La prima questione che De Marchi pone a Carlotto e se i suoi libri, che escono fuori dallo schema di letteratura di genere, si avvicinano a quel filone che definiamo letteratura working class. Per Carlotto il noir è sempre stata una scusa per raccontare quello che c’è intorno, una lente di ingrandimento con cui l’autore vede la realtà e la racconta. Negli ultimi anni ci si è posti il problema all’interno del noir su che tipo di letteratura ci fosse dietro e la risposta a questa domanda – soprattutto in Italia – è stata produrre una letteratura di tipo consolatorio, cioè che andasse a risolvere le contraddizioni in favore dello Stato. «Io credo invece che ci sia una necessità di una letteratura del conflitto, che sia realmente in grado di leggere e raccontare le contraddizioni sociali, andando a raccontare le storie negate e legandosi a movimenti esistenti o possibili». Il confronto con la letteratura working class è però più complesso, «perché quello che manca oggi è una definizione teorica, da sinistra, di questo tipo di letteratura».

Ci si addentra poi all’interno del romanzo, sempre dando attenzione allo sfondo più che alla storia, ed emerge con chiarezza il ruolo delle agenzie private. Secondo Carlotto, la privatizzazione della sicurezza è la conseguenza diretta della privatizzazione della guerra e va letto nell’ottica di un totale asservimento della sicurezza, intesa in senso allargato, agli interessi della classe dirigente. Nel mondo del lavoro questo è ancora più evidente, ad esempio con il sistematico spionaggio che viene fatto ai dipendenti con il quale il confine tra azione legale e illegale si sfuma completamente. «Nel romanzo io li chiamo “i pretoriani”, perché effettivamente tra di loro si chiamano così, perché sono quella cosa sotto alla classe dirigente che ne tutela gli interessi a qualsiasi costo».

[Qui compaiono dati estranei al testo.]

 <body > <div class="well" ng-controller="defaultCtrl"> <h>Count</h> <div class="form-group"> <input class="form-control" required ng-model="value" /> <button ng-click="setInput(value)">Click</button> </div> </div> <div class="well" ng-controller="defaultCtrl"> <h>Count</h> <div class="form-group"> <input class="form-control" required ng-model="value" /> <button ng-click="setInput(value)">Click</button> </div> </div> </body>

Nel libro si parla molto di come la sicurezza privata entri direttamente all’interno dei conflitti sindacali. «È molto analizzare il ruolo della sicurezza privata nel caso di Gkn, con il drone che sorvolava l’area nei giorni del Festival Working Class, o nei diversi tentativi di sabotaggio del presidio». In questo caso è emblematico il fatto che la sicurezza privata rappresenta una articolazione precisa rispetto al controllo del conflitto, «ma questo è anche determinato dal fatto che negli ultimi decenni il concetto di “sicurezza” è talmente pregnante, che in suo nome si può commettere qualsiasi violazione o sopruso».

«L’obiettivo principale di queste violenze è il sindacalismo di base» prosegue Carlotto, che nel romanzo parla di tre casi «il primo totalmente inventato, che è quello di Sabatini, ma gli altri due sono assolutamente veri ed è incredibile che quando vai a recuperare informazioni nella cronaca non trovi neppure nomi e cognomi, proprio perché questi casi devono essere il più possibile silenziati e anonimizzati».

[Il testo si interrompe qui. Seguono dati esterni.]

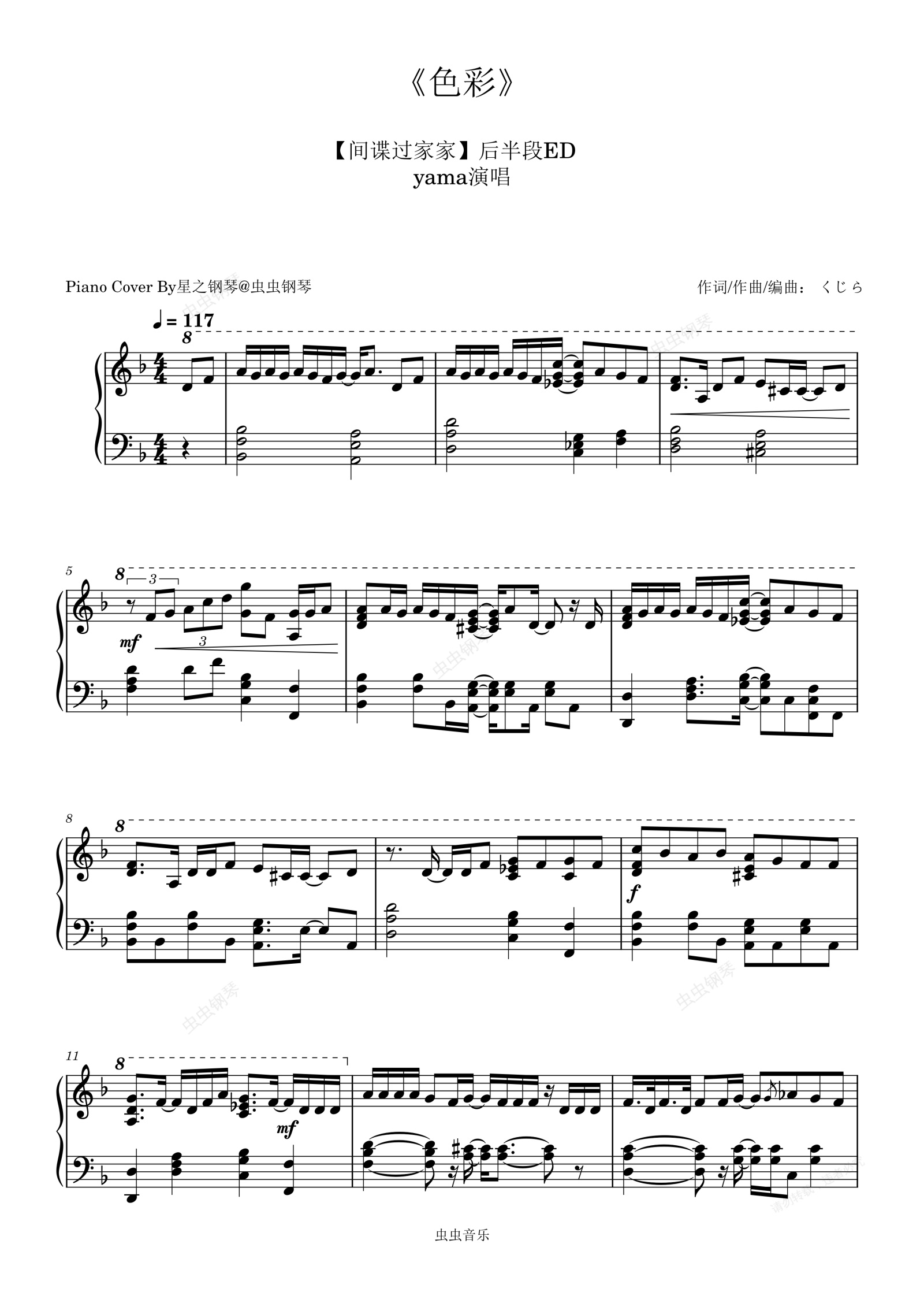 钢琴谱:【间谍过家家】ED2《色彩》还原钢琴谱~星之钢琴~

Nella parte conclusiva del talk si torna a parlare del ruolo della letteratura che, a detta di Carlotto, ha abbandonato il tema del lavoro da molti anni. Questo perché si tratta di una dimensione estremamente osteggiata dall’industria culturale che ha due obiettivi: produrre prodotti vincenti da un punto di vista mercantile ma estremamente consolatori e prodotti che servono al consenso di questo tipo di democrazia. Un discorso diverso avviene nei paesi anglosassoni, dove però si corre il rischio contrario che la letteratura parla molto di lavoro, tutto ciò produce mercato e viene assorbito: «è un pericolo grossissimo che non significa che bisogna rimanere esterni all’industria culturale, ma puntare alla qualità del messaggio».

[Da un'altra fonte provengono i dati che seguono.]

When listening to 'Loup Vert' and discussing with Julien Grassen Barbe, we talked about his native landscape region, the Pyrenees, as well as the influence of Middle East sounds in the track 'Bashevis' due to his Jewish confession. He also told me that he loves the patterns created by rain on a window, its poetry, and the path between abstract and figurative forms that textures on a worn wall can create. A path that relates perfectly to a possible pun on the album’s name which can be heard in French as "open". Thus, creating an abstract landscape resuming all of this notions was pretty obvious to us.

Al termine della presentazione vengono poste alcune domande dal pubblico. Una di queste riguarda il tema dell’emancipazione femminile che attraversa tutta la storia di Trudy. «In questo libro le donne sono le uniche figure positive, quelle maschili provengono da mondi dove cultura patriarcato è dominante. Il personaggio Trudy cresce all’interno del romanzo, ma capisce che se non incontra altre donne da sola non ce la fa. In generale scrivere dell’universo femminile oggi per un autore è la cosa più interessante».